Prompt:
The answer must consist only of the lines from the line with "Micasa Fragrances Ocean" to the line with "Ogłoszenie – Możliwe", both included, exactly as they stand below.

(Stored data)
####

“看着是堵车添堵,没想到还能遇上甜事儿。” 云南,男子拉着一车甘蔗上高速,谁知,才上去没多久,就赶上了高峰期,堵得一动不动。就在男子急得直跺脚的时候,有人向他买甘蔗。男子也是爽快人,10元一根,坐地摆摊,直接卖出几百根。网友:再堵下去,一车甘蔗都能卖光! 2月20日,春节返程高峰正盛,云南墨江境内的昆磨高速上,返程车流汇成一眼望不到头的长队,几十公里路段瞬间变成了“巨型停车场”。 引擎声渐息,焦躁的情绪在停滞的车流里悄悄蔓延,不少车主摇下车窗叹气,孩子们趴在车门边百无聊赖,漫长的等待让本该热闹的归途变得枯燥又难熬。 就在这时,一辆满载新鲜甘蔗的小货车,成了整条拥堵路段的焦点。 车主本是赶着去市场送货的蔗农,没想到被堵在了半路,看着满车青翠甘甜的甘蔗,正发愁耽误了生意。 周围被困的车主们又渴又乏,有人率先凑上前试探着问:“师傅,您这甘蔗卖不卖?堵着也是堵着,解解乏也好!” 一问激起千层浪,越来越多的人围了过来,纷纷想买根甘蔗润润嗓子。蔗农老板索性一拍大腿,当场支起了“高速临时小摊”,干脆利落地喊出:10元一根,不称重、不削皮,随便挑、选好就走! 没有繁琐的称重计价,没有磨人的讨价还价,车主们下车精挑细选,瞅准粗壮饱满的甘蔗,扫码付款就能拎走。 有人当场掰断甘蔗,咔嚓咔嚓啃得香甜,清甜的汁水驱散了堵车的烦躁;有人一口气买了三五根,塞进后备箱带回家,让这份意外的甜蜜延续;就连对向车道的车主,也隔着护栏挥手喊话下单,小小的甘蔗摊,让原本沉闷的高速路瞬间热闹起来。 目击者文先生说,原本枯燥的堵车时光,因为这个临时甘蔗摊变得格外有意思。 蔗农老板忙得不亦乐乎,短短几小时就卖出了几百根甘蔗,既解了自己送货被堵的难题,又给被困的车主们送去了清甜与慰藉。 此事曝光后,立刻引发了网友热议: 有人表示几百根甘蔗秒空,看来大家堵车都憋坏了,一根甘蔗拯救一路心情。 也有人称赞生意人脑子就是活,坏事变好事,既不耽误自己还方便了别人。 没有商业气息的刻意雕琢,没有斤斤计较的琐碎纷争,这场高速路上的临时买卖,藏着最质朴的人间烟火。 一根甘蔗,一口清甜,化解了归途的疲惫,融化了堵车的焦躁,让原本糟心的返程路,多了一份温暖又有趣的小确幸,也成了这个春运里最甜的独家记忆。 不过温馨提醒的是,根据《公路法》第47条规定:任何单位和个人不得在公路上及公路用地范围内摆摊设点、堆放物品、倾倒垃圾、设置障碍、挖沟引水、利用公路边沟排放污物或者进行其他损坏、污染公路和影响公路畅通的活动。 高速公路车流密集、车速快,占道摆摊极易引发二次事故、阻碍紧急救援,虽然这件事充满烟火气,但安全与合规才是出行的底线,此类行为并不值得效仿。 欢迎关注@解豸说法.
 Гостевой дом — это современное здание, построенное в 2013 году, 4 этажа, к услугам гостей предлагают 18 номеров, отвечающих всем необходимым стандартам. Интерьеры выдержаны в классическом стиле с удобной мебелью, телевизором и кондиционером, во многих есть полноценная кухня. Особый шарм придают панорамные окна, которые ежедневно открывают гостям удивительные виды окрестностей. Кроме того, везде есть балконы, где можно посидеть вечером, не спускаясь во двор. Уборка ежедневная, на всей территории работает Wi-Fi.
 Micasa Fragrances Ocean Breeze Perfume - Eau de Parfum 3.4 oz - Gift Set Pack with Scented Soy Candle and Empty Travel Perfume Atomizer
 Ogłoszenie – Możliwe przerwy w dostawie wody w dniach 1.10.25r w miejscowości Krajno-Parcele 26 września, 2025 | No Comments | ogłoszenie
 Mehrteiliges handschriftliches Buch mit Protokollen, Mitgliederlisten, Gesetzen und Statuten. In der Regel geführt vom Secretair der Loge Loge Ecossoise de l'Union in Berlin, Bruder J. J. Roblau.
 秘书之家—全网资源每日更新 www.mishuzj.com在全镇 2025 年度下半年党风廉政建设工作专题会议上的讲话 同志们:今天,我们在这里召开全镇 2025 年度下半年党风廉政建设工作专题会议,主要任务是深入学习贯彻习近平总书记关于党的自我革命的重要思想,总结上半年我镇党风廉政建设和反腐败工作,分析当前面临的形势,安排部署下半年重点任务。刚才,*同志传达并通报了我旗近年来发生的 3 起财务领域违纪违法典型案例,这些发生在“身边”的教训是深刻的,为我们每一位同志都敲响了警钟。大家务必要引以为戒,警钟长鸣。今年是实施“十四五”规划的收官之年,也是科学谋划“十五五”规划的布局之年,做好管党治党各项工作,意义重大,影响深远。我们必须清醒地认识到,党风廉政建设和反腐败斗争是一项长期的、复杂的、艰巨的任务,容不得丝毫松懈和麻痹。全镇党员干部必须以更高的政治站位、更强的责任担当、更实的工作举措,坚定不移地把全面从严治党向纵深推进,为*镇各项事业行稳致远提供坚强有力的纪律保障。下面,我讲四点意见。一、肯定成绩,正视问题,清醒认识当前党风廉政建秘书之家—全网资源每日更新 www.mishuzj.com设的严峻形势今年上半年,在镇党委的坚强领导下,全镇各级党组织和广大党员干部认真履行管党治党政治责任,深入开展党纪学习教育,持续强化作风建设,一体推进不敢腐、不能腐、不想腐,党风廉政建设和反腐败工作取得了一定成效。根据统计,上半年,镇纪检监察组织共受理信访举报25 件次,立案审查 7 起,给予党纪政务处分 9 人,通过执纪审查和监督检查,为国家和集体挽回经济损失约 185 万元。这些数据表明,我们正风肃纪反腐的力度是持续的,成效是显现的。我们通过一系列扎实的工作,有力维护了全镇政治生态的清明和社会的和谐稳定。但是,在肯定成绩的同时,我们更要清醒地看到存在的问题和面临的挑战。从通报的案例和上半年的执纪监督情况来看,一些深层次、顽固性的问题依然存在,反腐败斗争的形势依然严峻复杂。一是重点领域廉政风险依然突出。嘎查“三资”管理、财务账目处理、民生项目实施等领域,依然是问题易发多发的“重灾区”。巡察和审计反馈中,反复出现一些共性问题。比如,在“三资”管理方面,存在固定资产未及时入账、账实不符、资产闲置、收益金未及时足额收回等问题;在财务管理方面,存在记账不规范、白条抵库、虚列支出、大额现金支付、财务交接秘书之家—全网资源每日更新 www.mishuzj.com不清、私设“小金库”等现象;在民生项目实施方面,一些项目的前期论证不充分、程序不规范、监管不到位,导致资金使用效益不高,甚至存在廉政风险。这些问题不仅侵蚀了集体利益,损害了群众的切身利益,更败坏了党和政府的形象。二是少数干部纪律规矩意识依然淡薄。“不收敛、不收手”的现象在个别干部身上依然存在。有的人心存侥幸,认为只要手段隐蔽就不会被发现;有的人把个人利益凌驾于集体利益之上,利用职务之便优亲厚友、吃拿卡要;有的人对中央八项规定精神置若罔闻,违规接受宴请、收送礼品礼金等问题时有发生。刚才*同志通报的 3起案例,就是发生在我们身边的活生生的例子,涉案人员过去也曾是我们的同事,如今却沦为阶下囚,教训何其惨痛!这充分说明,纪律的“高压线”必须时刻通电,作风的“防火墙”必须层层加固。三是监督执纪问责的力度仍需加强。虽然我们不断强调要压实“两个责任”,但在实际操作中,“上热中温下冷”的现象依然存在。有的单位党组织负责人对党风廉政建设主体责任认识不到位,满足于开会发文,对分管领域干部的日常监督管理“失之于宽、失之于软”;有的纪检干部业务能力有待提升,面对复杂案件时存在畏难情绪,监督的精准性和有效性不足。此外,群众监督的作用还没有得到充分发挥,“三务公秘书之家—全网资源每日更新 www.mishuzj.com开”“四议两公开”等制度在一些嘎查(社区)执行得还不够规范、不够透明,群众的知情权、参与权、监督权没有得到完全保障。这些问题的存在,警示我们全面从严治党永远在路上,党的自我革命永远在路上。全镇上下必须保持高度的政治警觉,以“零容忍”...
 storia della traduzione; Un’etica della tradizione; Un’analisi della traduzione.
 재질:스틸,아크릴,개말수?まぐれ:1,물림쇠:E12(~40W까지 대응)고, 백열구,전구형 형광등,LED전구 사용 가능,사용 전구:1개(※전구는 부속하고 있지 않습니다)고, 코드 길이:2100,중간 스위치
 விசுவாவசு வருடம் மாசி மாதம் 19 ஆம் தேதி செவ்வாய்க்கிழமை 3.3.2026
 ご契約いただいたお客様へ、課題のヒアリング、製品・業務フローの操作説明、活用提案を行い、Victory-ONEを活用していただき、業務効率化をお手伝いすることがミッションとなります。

####

Exercise answer:
 Micasa Fragrances Ocean Breeze Perfume - Eau de Parfum 3.4 oz - Gift Set Pack with Scented Soy Candle and Empty Travel Perfume Atomizer
 Ogłoszenie – Możliwe przerwy w dostawie wody w dniach 1.10.25r w miejscowości Krajno-Parcele 26 września, 2025 | No Comments | ogłoszenie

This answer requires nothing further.